# Exercise details:
Set down the entries that follow exactly as written, leaving out any images.

#### Given records

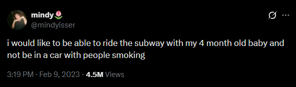 I was going to begin this blog by revisiting the toxic discourse around a 2023 tweet about smoking on the train by Mindy Isser, a left-leaning Philadelphia organizer who posts mostly about the labor movement.
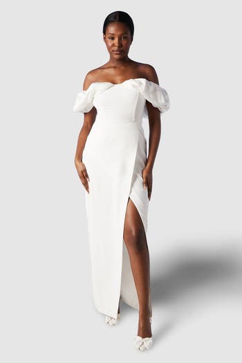 Make a stunning entrance on your special day with this exquisite wedding dress from Coast. The off-shoulder design with voluminous sleeves creates a romantic and ethereal look, while the fitted corset bodice accentuates your figure beautifully. The column skirt with a daring side slit adds a touch of allure and allows for ease of movement.
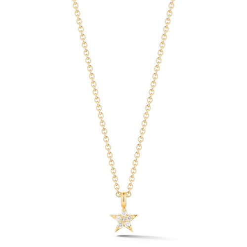 14K Yellow Gold with Six Diamonds=0.03 CTTW, Star Measures 5 x 5 MM, Chain Length=16"
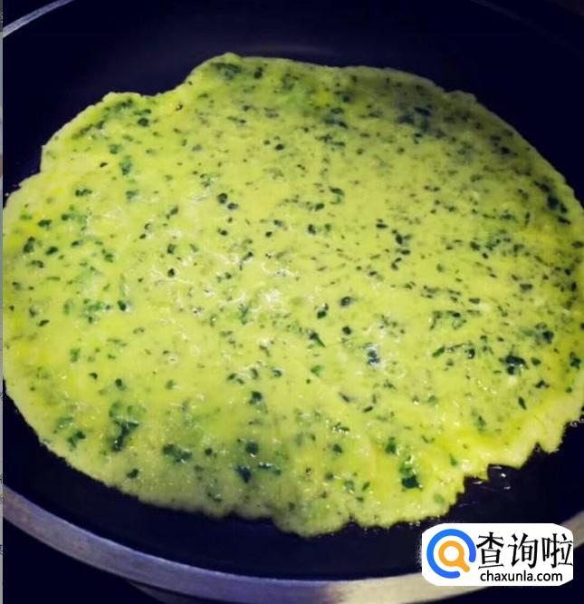 在准备倒面汁时,在锅底扫一层油,接下来倒入适量的面汁入锅,这时的火可以中小火;等到面皮上色后可以稍调低一些火煎制微黄即可。
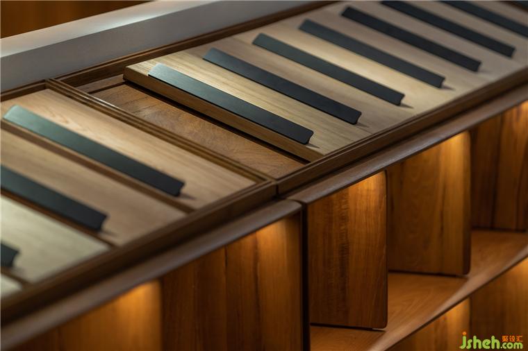在與人交往的區(qū)域,是設計師最費心的地方,稍不留意,將會導致空間節(jié)奏變得混亂。展廳設計師經(jīng)過仔細思慮和空間配比并與品牌方進行充分溝通后,在產(chǎn)品展示區(qū)域的結(jié)尾處,用通透柜體結(jié)構(gòu)作為空間的段落語句,這樣,區(qū)隔變得柔性和相互可以穿插,并用不同照度的光線塑形,使進一步交往因此變得自然。
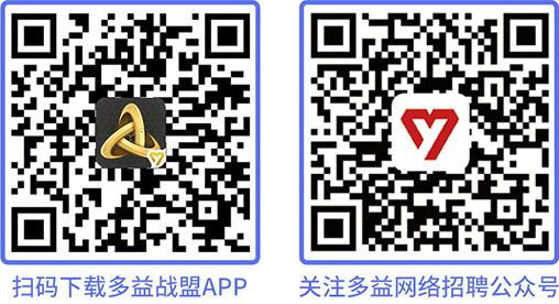 关注多益招聘公众号(duoyijobs),获得最新校招资讯、和HR实时互动。

########

# Response:
 I was going to begin this blog by revisiting the toxic discourse around a 2023 tweet about smoking on the train by Mindy Isser, a left-leaning Philadelphia organizer who posts mostly about the labor movement.
 Make a stunning entrance on your special day with this exquisite wedding dress from Coast. The off-shoulder design with voluminous sleeves creates a romantic and ethereal look, while the fitted corset bodice accentuates your figure beautifully. The column skirt with a daring side slit adds a touch of allure and allows for ease of movement.
 14K Yellow Gold with Six Diamonds=0.03 CTTW, Star Measures 5 x 5 MM, Chain Length=16"
 在准备倒面汁时,在锅底扫一层油,接下来倒入适量的面汁入锅,这时的火可以中小火;等到面皮上色后可以稍调低一些火煎制微黄即可。
在與人交往的區(qū)域,是設計師最費心的地方,稍不留意,將會導致空間節(jié)奏變得混亂。展廳設計師經(jīng)過仔細思慮和空間配比并與品牌方進行充分溝通后,在產(chǎn)品展示區(qū)域的結(jié)尾處,用通透柜體結(jié)構(gòu)作為空間的段落語句,這樣,區(qū)隔變得柔性和相互可以穿插,并用不同照度的光線塑形,使進一步交往因此變得自然。
 关注多益招聘公众号(duoyijobs),获得最新校招资讯、和HR实时互动。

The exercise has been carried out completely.